PROBLEM REQUIREMENTS: Output nothing but the lines from the one holding "Контейнер 0.8 л" to the end of the listing. Reproduce them exactly, without the pictures.

START COLLECTED DATA

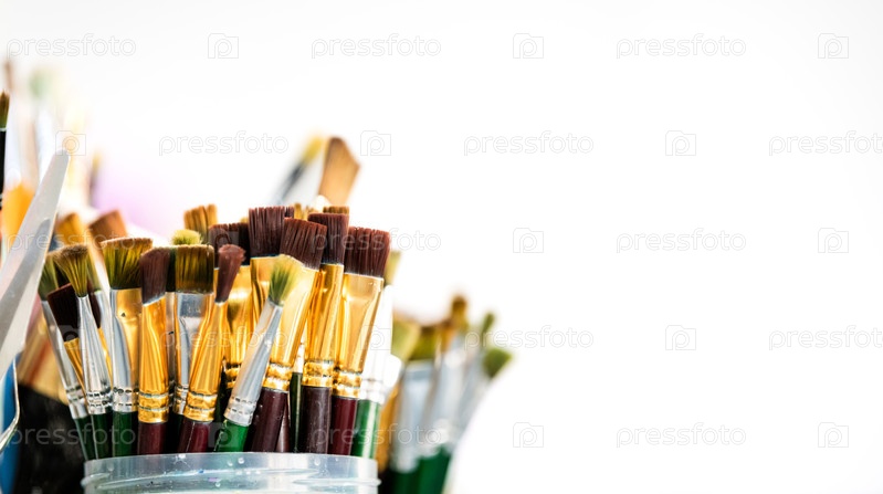 Коллекция художественных кистей и ножей палитры в стеклянных бочках. Инструменты художника для масляной и акриловой живописи на холсте. Творческое семинарное оборудование для художников, любителей и студентов
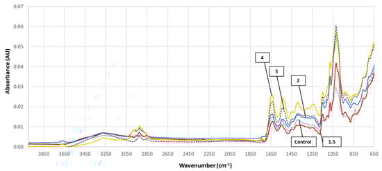 | 1590–1715 (1650) | CO stretch, CN stretch, NH bend/amide I band (proteins), C=C stretch/olefinic and aromatic compounds | [45,47] |
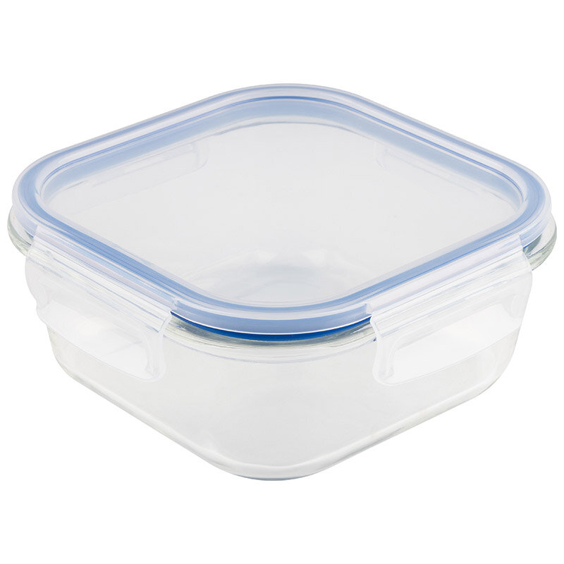 Контейнер 0.8 л из жаропрочного стекла для хранения и разогрева еды в СВЧ с крышкой на защелках из пластика Размеры: 16,1х16,1х6,9 см
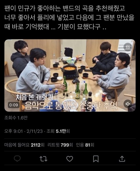 팬이 추천해준 노래 제목을 다 기억해서 들어봤대

END COLLECTED DATA

TASK OUTPUT:
 Контейнер 0.8 л из жаропрочного стекла для хранения и разогрева еды в СВЧ с крышкой на защелках из пластика Размеры: 16,1х16,1х6,9 см
 팬이 추천해준 노래 제목을 다 기억해서 들어봤대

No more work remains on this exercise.